Pseudônimo: Cortázar

As mãos maternas davam um sutil impulso à frente nas costas do casal de crianças

maltrapilhas, as pessoas sentadas à mesa observavam em primeiro relance com um

espanto que nos segundos posteriores se naturalizava aos filhos dos núcleos urbanos.

Estes jantavam, na maioria das vezes negavam, e por fim sussurravam a situação do trio

familiar; isto é, a mãe por si só era acusada, réu inquestionável, enquanto o casal de

crianças era visto como vítima, sem saúde, educação, higiene, mas, principal e

unicamente, com fome.

Por sorte, característica da espécie ou ironia de uma época de amores efêmeros, o íntimo

elo entre a mãe, a filha de sete e o filho de cinco era o amor: o tradicional e recorrente

amor.

A praça de alimentação era o lugar de costume deles, sabiam a quem pedir e a quem não

pedir, onde e quando. Indelicadeza tanta era suplicar com fome no momento em que os

outros se alimentavam, ou se pedia antes da refeição, quando a fome é desejo comum,

ou depois, quando a fome vira privilégio.

Mas, de um modo geral, facilmente se identificava as intenções dos consumidores pelos

repuxos faciais e olhares.
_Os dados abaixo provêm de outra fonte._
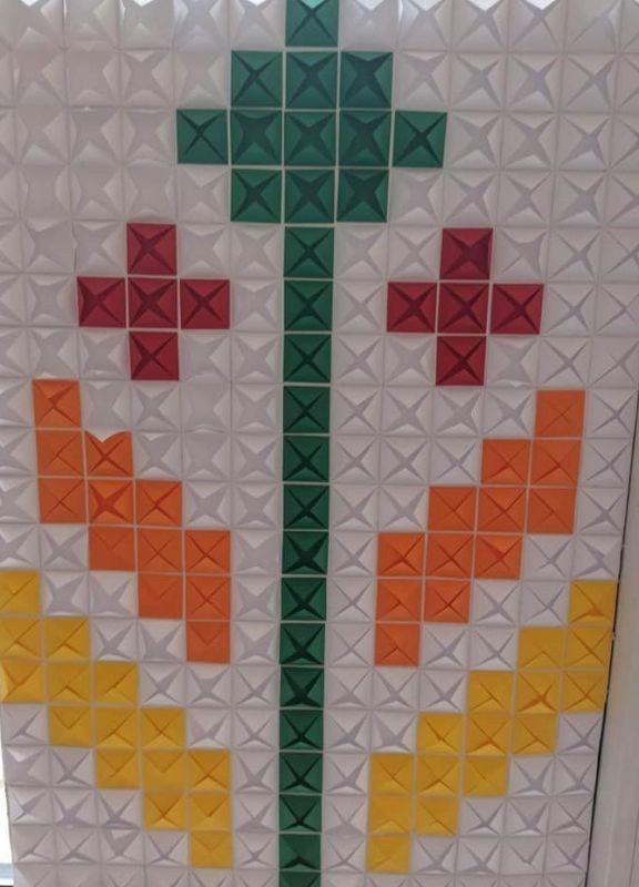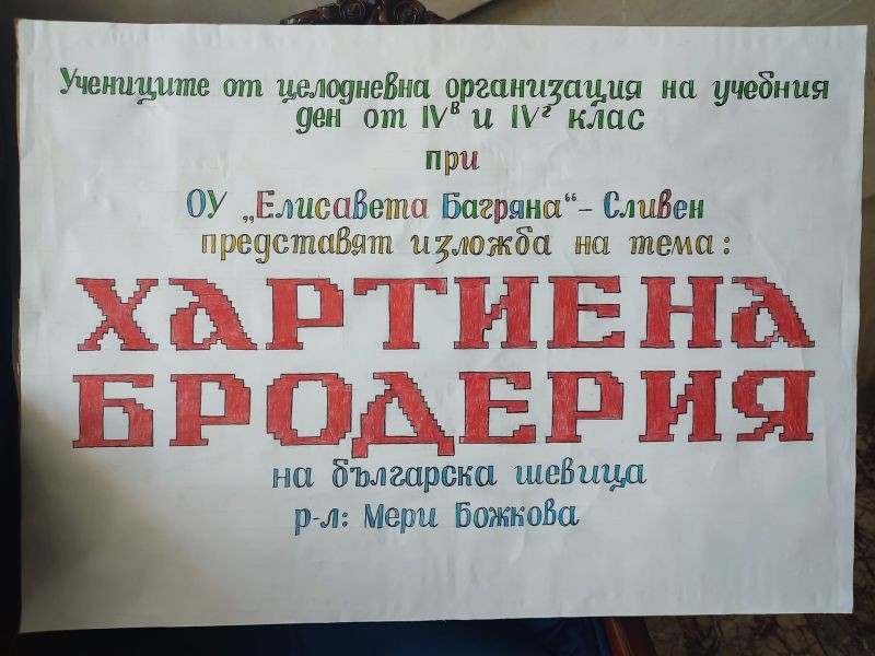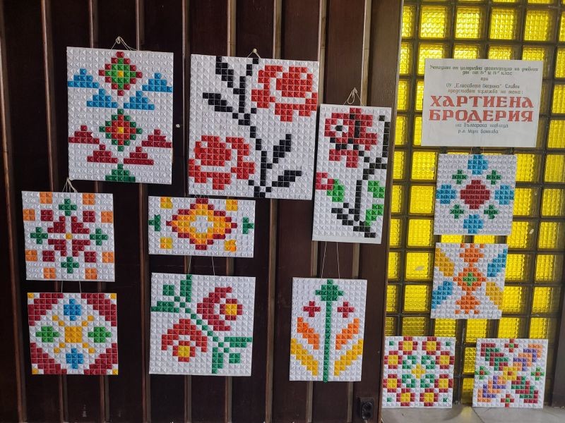 Изложбата е на тема "Хартиена бродерия" и е дело на учениците от целодневна организация на учебния ден от групата на 4. "в" и 4. "г" клас и тяхната учителка г-жа Мери Божкова.

Quando não, a fala da mãe se interrompia com indagações

agressivas: — “Cadê o pai dessas crianças, mulher?!".

O mundo era a praça, e, no dia em que surgiu um palhaço viajante elaborando mágica e

graça, os clientes, a mãe e as crias explodiram em risos e gargalhadas; esqueceram-se


dos seus problemas e se preocuparam apenas em absorver euforicamente cada um dos

trejeitos e firulas do palhaço.

Ao fim, os aplausos soaram com um frenesi amalucado, o chapéu ao chão transbordou

de notas e moedas, algumas mesas chamavam o artista para beliscar uns petiscos ou

tomar um suco refrescante... Que agitação, em menos de duas horas!

O palhaço partiu, o público guardou como lembrança, a rotina novamente imperou,

trazendo consigo os problemas esquecidos por uma ligeira distração. Dias correram e o

palhaço tornou-se uma vaga e nostálgica lembrança, perdendo seu brilho de ineditismo

que o tempo faz questão de esmaecer.

A mãe, dias depois, pôs-se a refletir sobre o evento circense e entre remendos de trapos

coloridos, perucas de fitas e narizes marcados com um velho batom vermelho da sua

época de adolescente.

Voilà! Ou como diria o nortista: Olha já!

Aí estava a praça: a mãe e as crianças como aprendizes cômicos de palhaços, mais

simpáticos, menos recusáveis, ainda com fome.